The weekends were the worst. He had to get out, buttoned against the cold, though the coffee in town was never hot enough and the talk after the movies was mindless and did not nourish. But he
could bear the big house no longer, and even the guest cabin had begun to enclose him like a vault.

This Saturday night, the last week before Christmas, the going was painfully slow. Steam expanded from his mouth like ectoplasm. He turned up his collar against an icy offshore wind. There were
sand devils in the road, a halo around the ghost of a moon which hung over his shoulder and paced him relentlessly. At his side, to the north, dark reeds rustled and scratched the old riverbank
with a sound of rusted blades. He stuffed his hands deeper into his jacket and trudged on toward the impersonal glow of the business district.

The neon above the Blue & White burned coolly in the darkness.
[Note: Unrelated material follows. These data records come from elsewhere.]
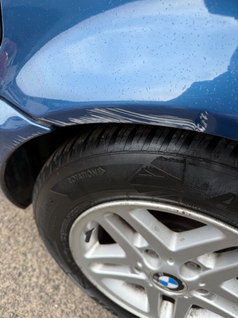 Drivers side rear wheel arch has a slight scrape, passengers front door has a slight dent but hasn’t damaged the paint.
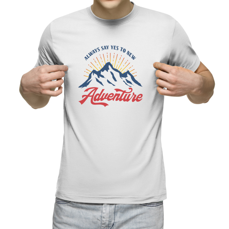 Мужская футболка «Новое приключение. Горы, солнце и надпись.»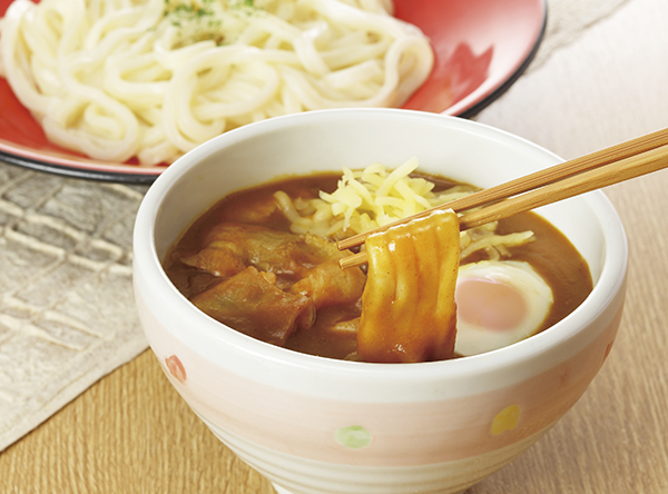 八丁味噌を使った”なごやめし”味噌煮込うどんに、名物カレーうどんの秘伝のカレー粉を丁寧に溶かし入れました。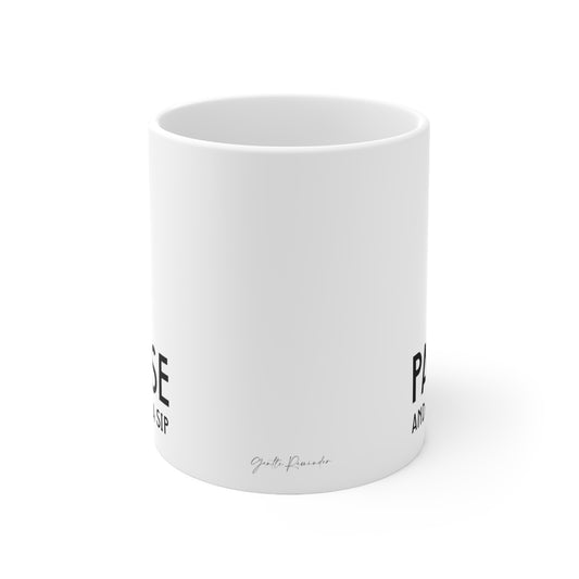 Self-Care "Pause and take a sip" White Ceramic Mug, 11oz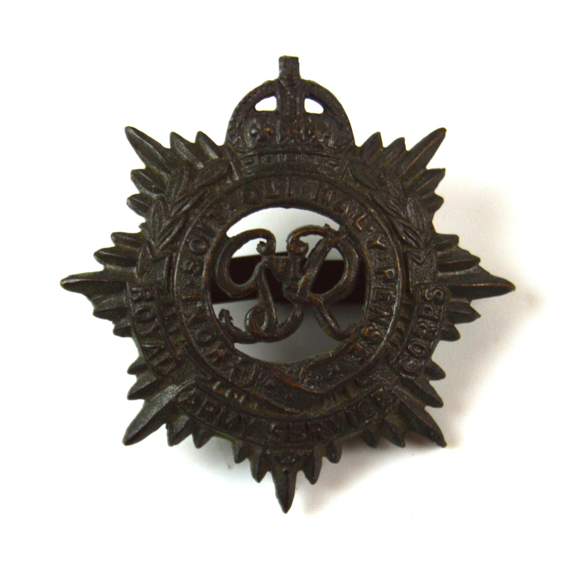 An authentic cap badge. Royal Army Service Corps (1936-52 Pattern) OSD Cap Badge, Original. A collectable piece of British military insignia.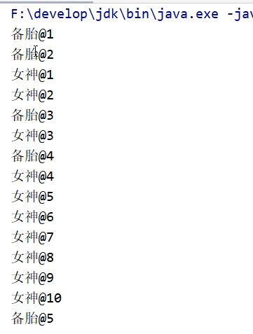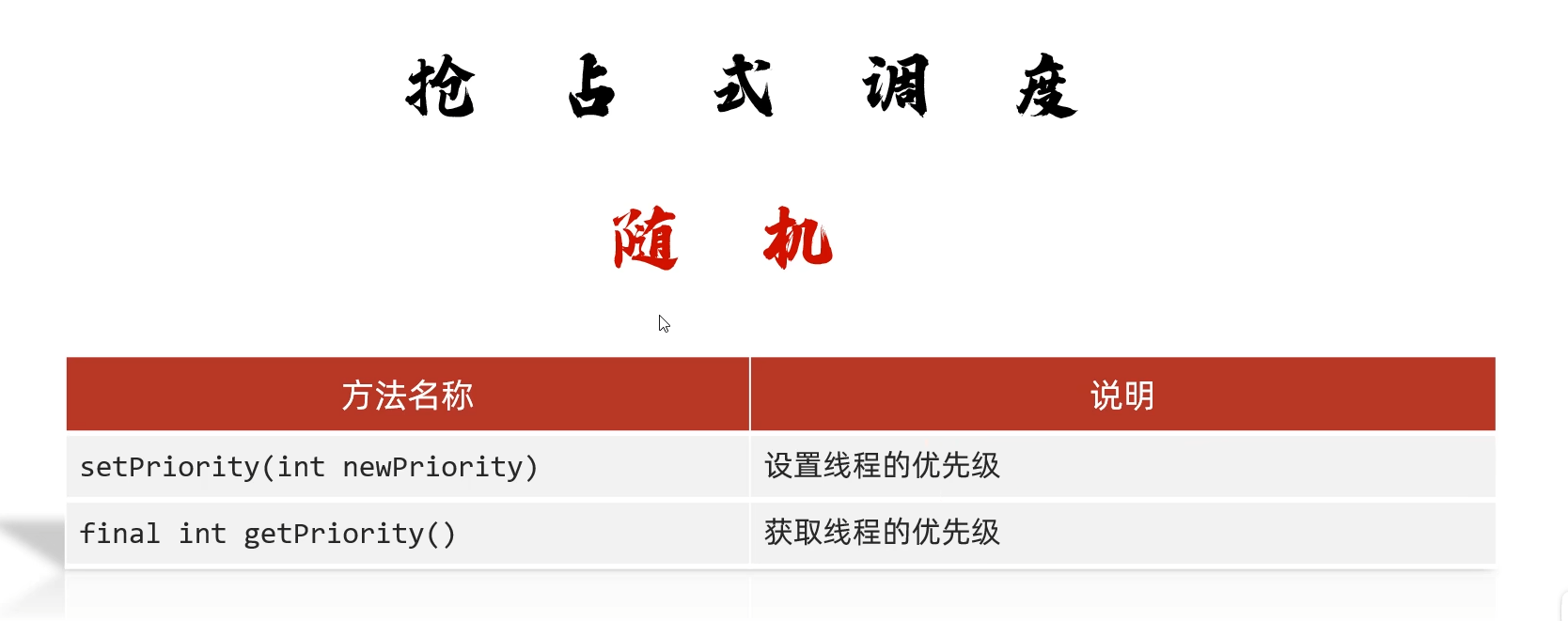 Java是抢占式调度,每个线程都可以抢占CPU得到执行权,上述的t1和t2线程就是如此,所以执行是随机的,不确定的,不知道是哪个线程就能突然抢到CPU得到执行权。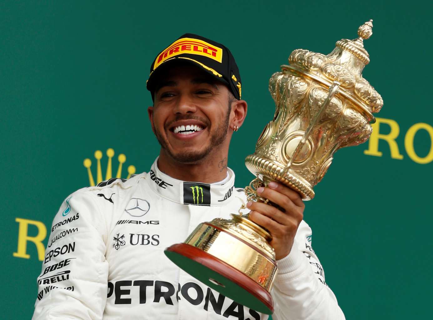 Mercedes' Lewis Hamilton celebrates his win on the podium for the British Grand Prix 2017 in Silverstone, Britain on July 16, 2017.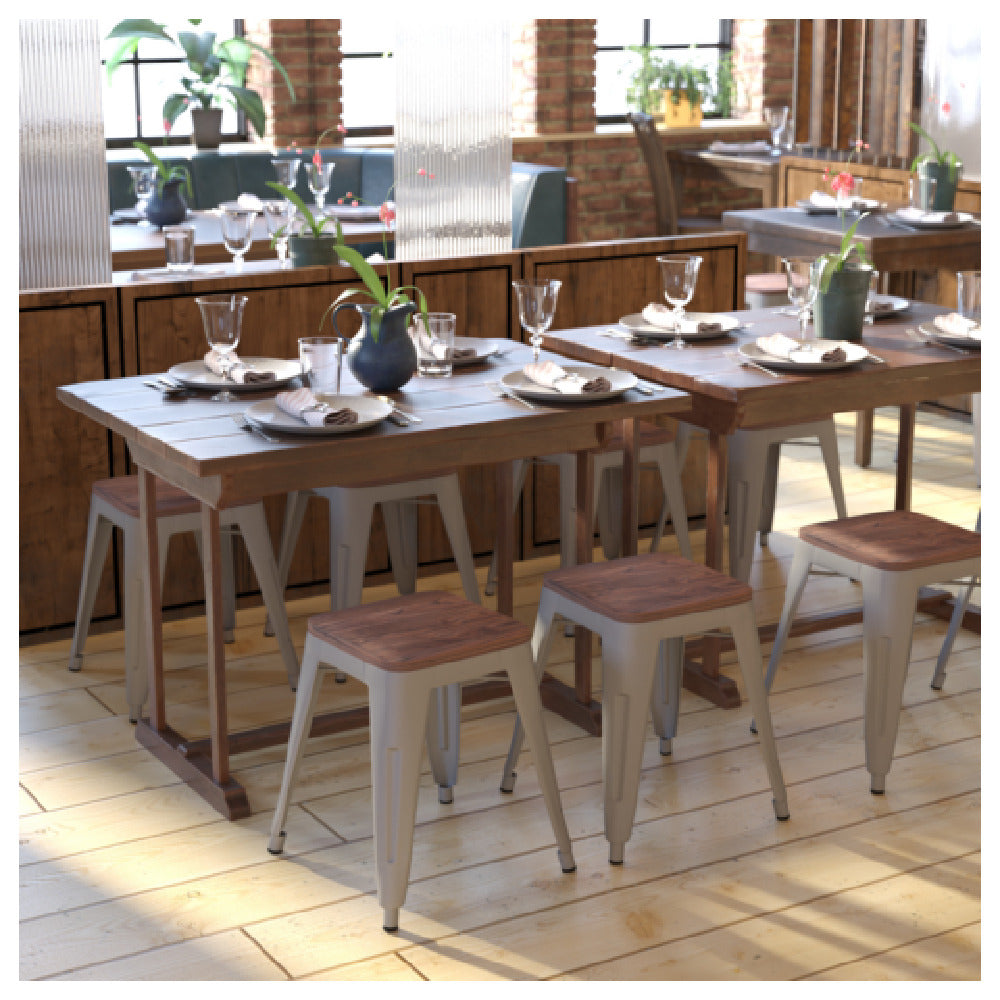 The Flash Furniture ET-BT3503-18-SIL-WD-GG Kai Stool is a versatile seating solution designed to meet the diverse needs of various industries. Featuring an 18-inch height and a robust weight capacity of 250 pounds, this stool combines strength with practicality. Its stackable, backless, square design allows for efficient storage, making it ideal for environments where space optimization is crucial. The stool boasts a wooden seat that adds a touch of elegance, supported by welded metal construction for enhanced durability. Under seat bracing reinforces its stability, ensuring it withstands regular use. Plastic floor glides are incorporated to protect flooring surfaces from scratches and damage, a valuable feature in settings like schools, cafes, and casual dining spaces. The stool's silver finish adds a contemporary touch, aligning with modern interior aesthetics. Sold as a set of four, this product requires assembly, providing a hands-on approach for those who prefer to customize their furniture setup. The Flash Furniture ET-BT3503-18-SIL-WD-GG Kai Stool embodies a blend of functionality and style, catering to home, commercial, and educational settings where dependable seating solutions are essential.

The nightlife in Gezira, such as it was – Siamese silhouettes of couples cruising for burgers, clutches of frantic teenagers on their way to or from the mall – appeared undiscouraged
by the cold. If anything the pedestrians scissoring by seemed less inhibited than ever, pumping reserves of adrenaline and huffing wraiths of steam as if their last-minute shopping mattered more
than anything else in this world. The bubble machine atop a police car revolved like a deranged Christmas tree light. Children giggled obscenities and fled as a firecracker resounded between
lampposts; it might have been a gunshot. The patrol car spun out, burning rubber, and screeched past in the wrong direction.